Welch, who was honored to have her team’s effort selected for funding, described PRIP as “far-reaching, forward-thinking and proactive towards the research here at the university – it’s an excellent idea.”
McCleod, who has been successful in earning external grant funding from the National Institute of Mental Health for previous work, has found the preparations for PRIP valuable.
“The PRIP award supports good ideas and provides the means for them to grow into fundable projects,” McLeod said. “It’s difficult to go from zero to 100 without some intermediary process that allows researchers to conduct pilot work. I think the PRIP award is an ideal vehicle for that.”
“The award allows us the time to collect data to help position the work for larger grants - that’s what we need as we continue our research at VCU.”
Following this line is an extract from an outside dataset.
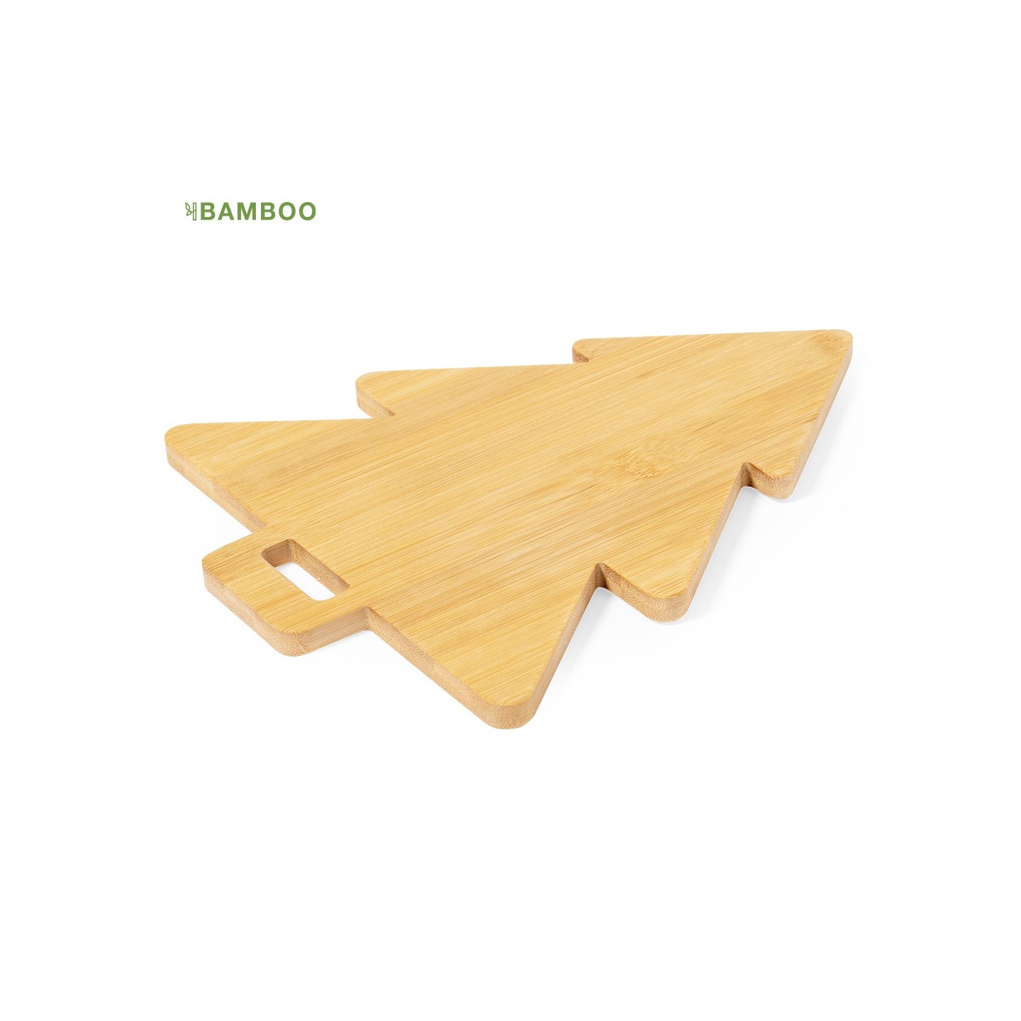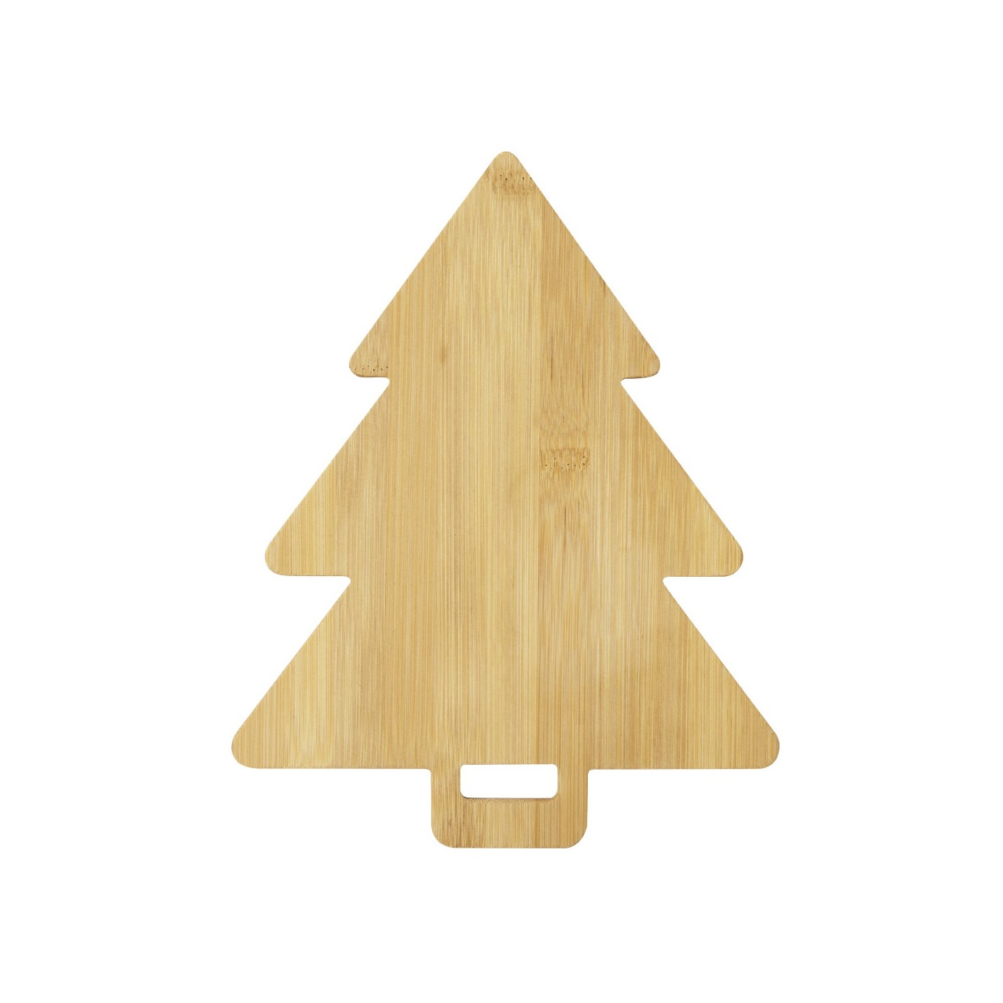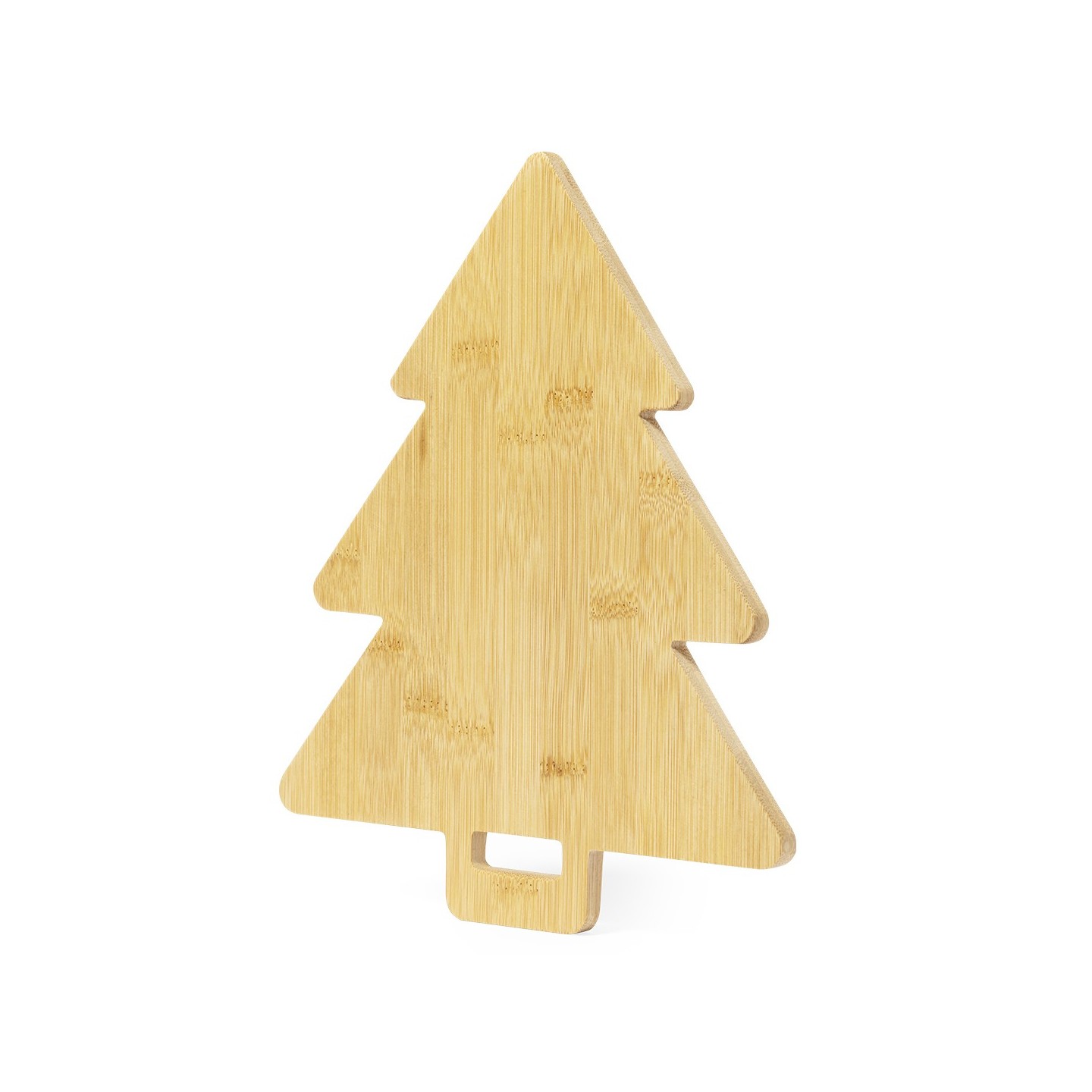 Tabla de cocina en forma de árbol de Navidad, fabricada en bambú con asa troquelada para fácil manejo. Personalizable con logotipo. Sostenible y elegante.

Thirty-two applications came from the School of Medicine, 14 from the College of Humanities and Sciences, 10 from the School of Engineering, seven from the School of Business, six from the School of Allied Health, five from the Life Sciences, three from the School of Education, three from the School of Dentistry and two from the School of Pharmacy.
Faculty grants were awarded based on a two-step review process involving the schools and the VCU Research Development Advisory Council. The first stage was a school level review, in which each school received applications from its faculty and established a rigorous review process that used the PRIP Review Committee (PRC) selection criteria, which centered on the scholarly merit of the project, the potential for extramural funding leading from this project and the contribution of the project to the scholarly trajectory/line of inquiry of the investigator. Each school forwarded to the PRC those applications receiving the highest ratings at the unit level and for which there was a funding commitment from the dean.
PRIP dollars provide 60 percent of the award and the faculty member’s department and/or school provided 40 percent. The funding period is 18 months.